Exercise prompt
An exact copy is needed of the lines from the one that contains "Simply Living 42" through the final line of the data below, with pictures left out.

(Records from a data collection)

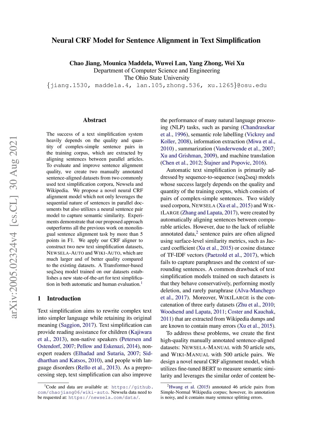 Neural CRF Model for Sentence Alignment in Text Simplification
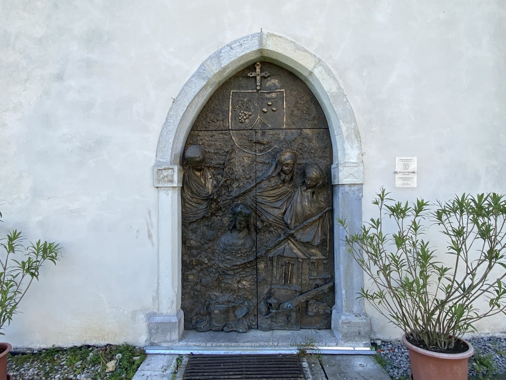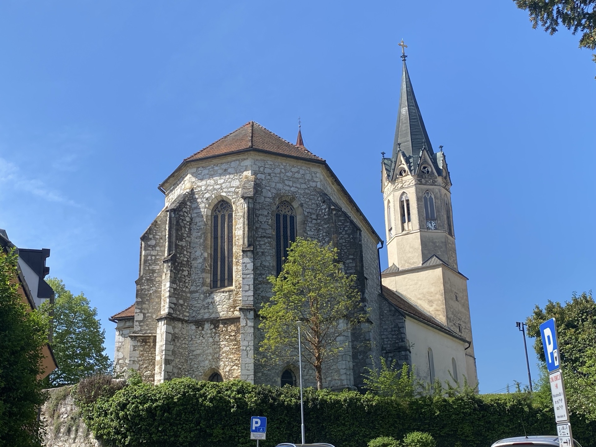 2006 wurde Novo Mesto dann selbst zum Bistum. Die dadurch zur Kathedrale beförderte Kirche besitzt schon lange ein Altarbild von Tintoretto und fällt mit einer geknickten Längsachse auf, was sich anlässlich einer Verlängerung des Kirchenschiffs aufgrund der Form des Kirchbergs seinerzeit nicht anders machen ließ. Der Kirchberg ist der höchste Punkt der Altstadt, die auf dem Hügel in besagter Gurk-Schleife liegt.
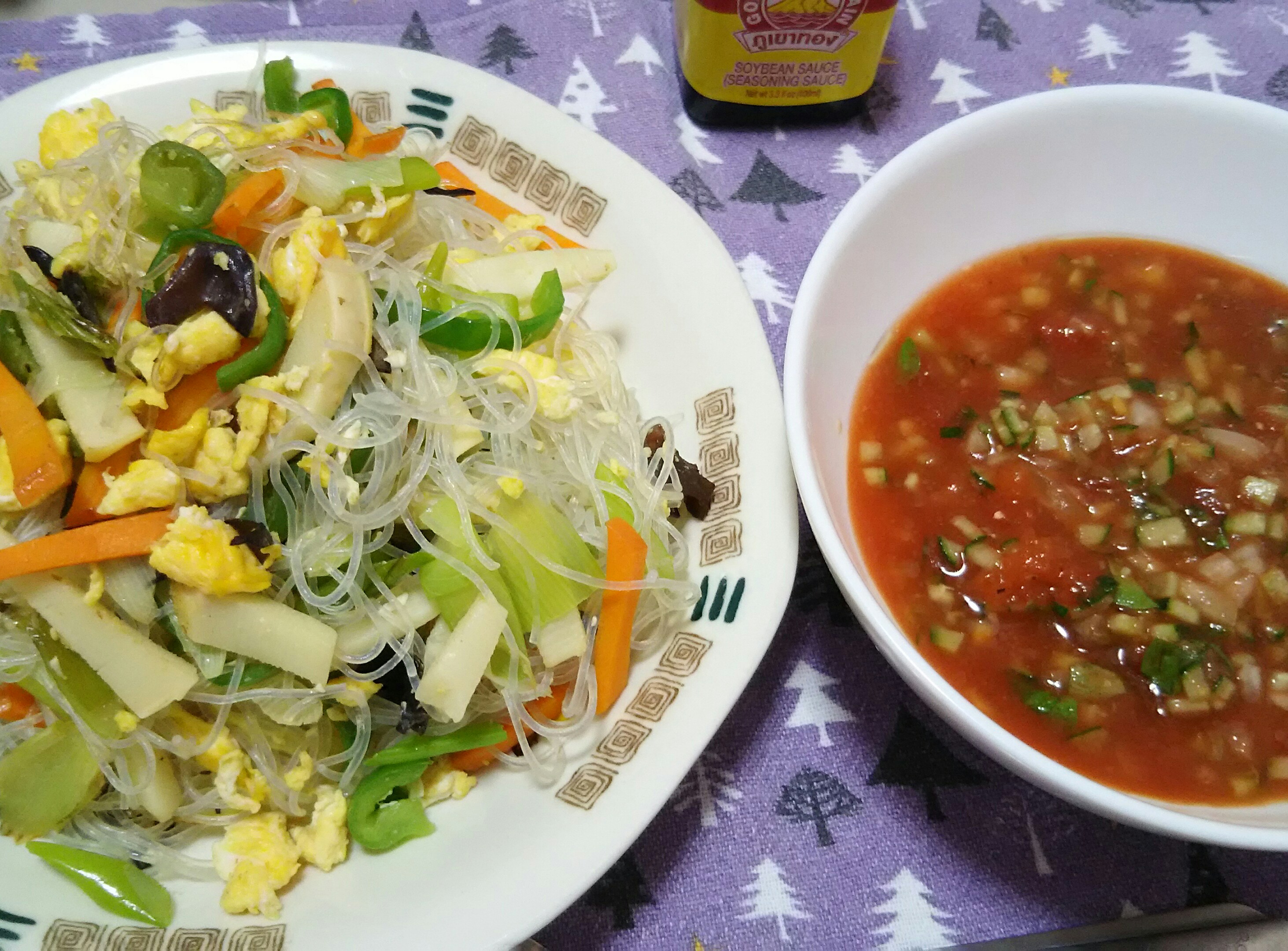ベトナム風焼き春雨(ミエン・サオ)、ガスパチョ風冷製スープ
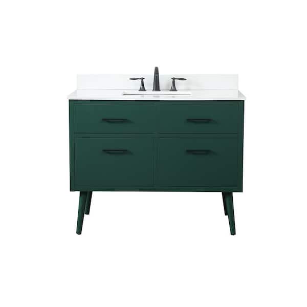 Simply Living 42 in. W x 22 in. D x 33.5 in. H Bath Vanity in Green with Ivory White Engineered Marble Top
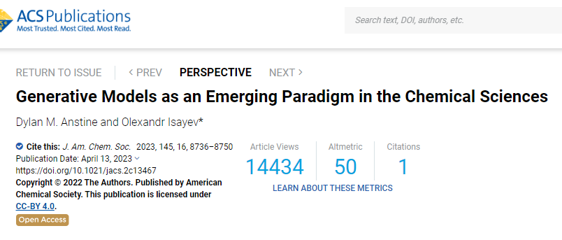 Anstine, Dylan M., and Olexandr Isayev. "Generative Models as an Emerging Paradigm in the Chemical Sciences." Journal of the American Chemical Society 145, no. 16 (2023): 8736-8750.
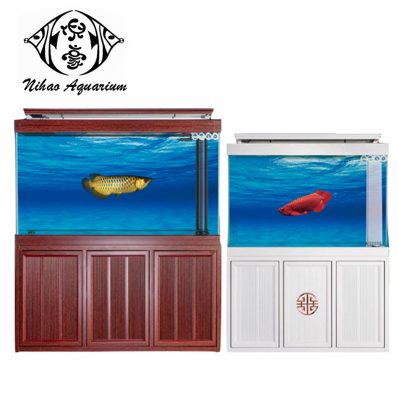 大型鱼缸造景水族箱水草布景透明全套带柜子观赏展示

Solved problem
 Simply Living 42 in. W x 22 in. D x 33.5 in. H Bath Vanity in Green with Ivory White Engineered Marble Top
 Anstine, Dylan M., and Olexandr Isayev. "Generative Models as an Emerging Paradigm in the Chemical Sciences." Journal of the American Chemical Society 145, no. 16 (2023): 8736-8750.
 大型鱼缸造景水族箱水草布景透明全套带柜子观赏展示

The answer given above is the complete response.